In cases when source files cannot be easily imported into a CAT software, there are ways to process these files to enable smooth execution of the localization project, such as:

  • OCR or Optical Character Recognition

In certain cases, the materials for localization exist only in the form of scanned documents, or they include images or scanned elements such as seals, tables, or even written text. To make these files editable, technical localization teams perform OCR processing to generate a searchable and editable textual file that will be used in the further phases of the process.

  • Alignment

In cases when there are (editable or uneditable) translated versions of documents that were not generated in a CAT tool, it is possible to perform the OCR and subsequently the alignment process to develop translation memories that will enable faster, cheaper and leaner localization with improved lexical consistency.

  • Development of Terminology Bases

It is always recommended to extract specific terms and phrases – from taglines to any project-related terms that require special attention – before the localization process begins, and to develop terminology bases that will contain client-approved translations of these terms and phrases. This approach will save time and resources and ensure consistency and quality of the localized materials.
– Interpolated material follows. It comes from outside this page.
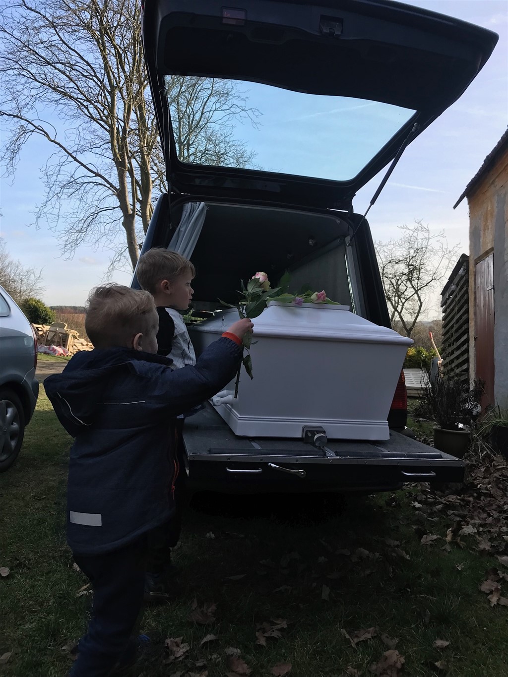 Vi forberedte ham ved at fortælle lidt om det hele i en kort udgave. At vedkommende var død. Meget syg eller gammel, og at der nok mange i kirken som er kede af det, fordi personen har haft en stor betydning og at det er helt normalt.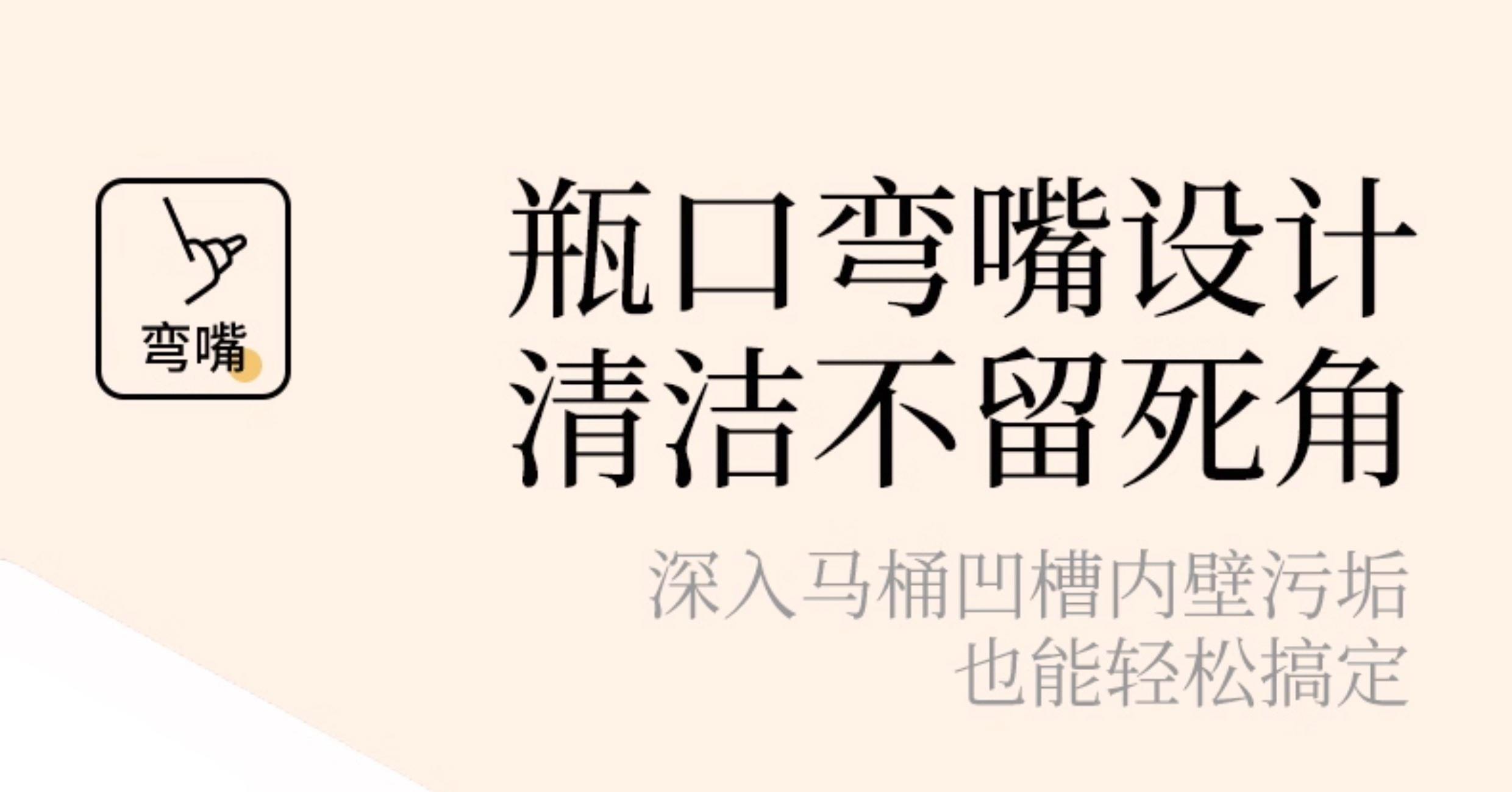 1、瓶口弯嘴设计,深入马桶凹槽内壁污垢,清洁不留死角;

Fixing the Quality Issues in the Target

Quality Assurance (QA) process is performed on translated and reviewed files to check and resolve any errors that may have slipped through. The QA process is also computer-assisted and can be performed within the CAT tool or with independent QA applications.

What is usually checked are issues that involve spelling, formatting, tags, numbers and consistency. Depending on the project requirements, there are various types and levels of quality assurance, and dedicated QA programs are developed for each project.

It should be noted that the QA process is performed on purely textual files before they are sent to further processing, depending on the file format. After this stage, further quality control steps may include:

  • DTP or Desktop Publishing + Proofreading

Even the best laid translations may go awry once the translated text is imported into a page layout software. Different languages (and different scripts) have different lengths, there may be issues with text breaks, fonts, layouts and everything in between.

This is why DTP should be performed with proofreading that will enable the linguist team to check their translation in context and address any issues before the localized materials are published.

  • Software testing

In cases when the subject of localization is software, testing of localized apps (or, alternatively, screenshots) is performed for the same reasons as proofreading – to enable the linguists and QA teams to check their work in context and address any issues.

Under One Roof

While each of these processes can be performed by different teams and by various organizations, the record shows that centralizing the entire localization process and the supporting processes provides higher quality and faster turnaround times – simply because the linguist and technical teams within the same organization who work in accordance with harmonized rules and procedures are essentially all working on the same task with the same goal.

There is little room for “not my job” mentality, misunderstandings of technical and language aspects of the source material and similar weak spots that may lead to errors, delayed product launches or suboptimal localization.

Lest we forget, we localize content to localize the experience, and one of the fastest and safest ways to do it is by bringing various talents whose services are required for localization under the same roof. This enables linguists to know how their translations will be used and they will have an opportunity to adapt their work accordingly and to check it in context, while the tech people will be aware of the importance of linguistic subtleties in their line of work, and the result can only be a high quality localization.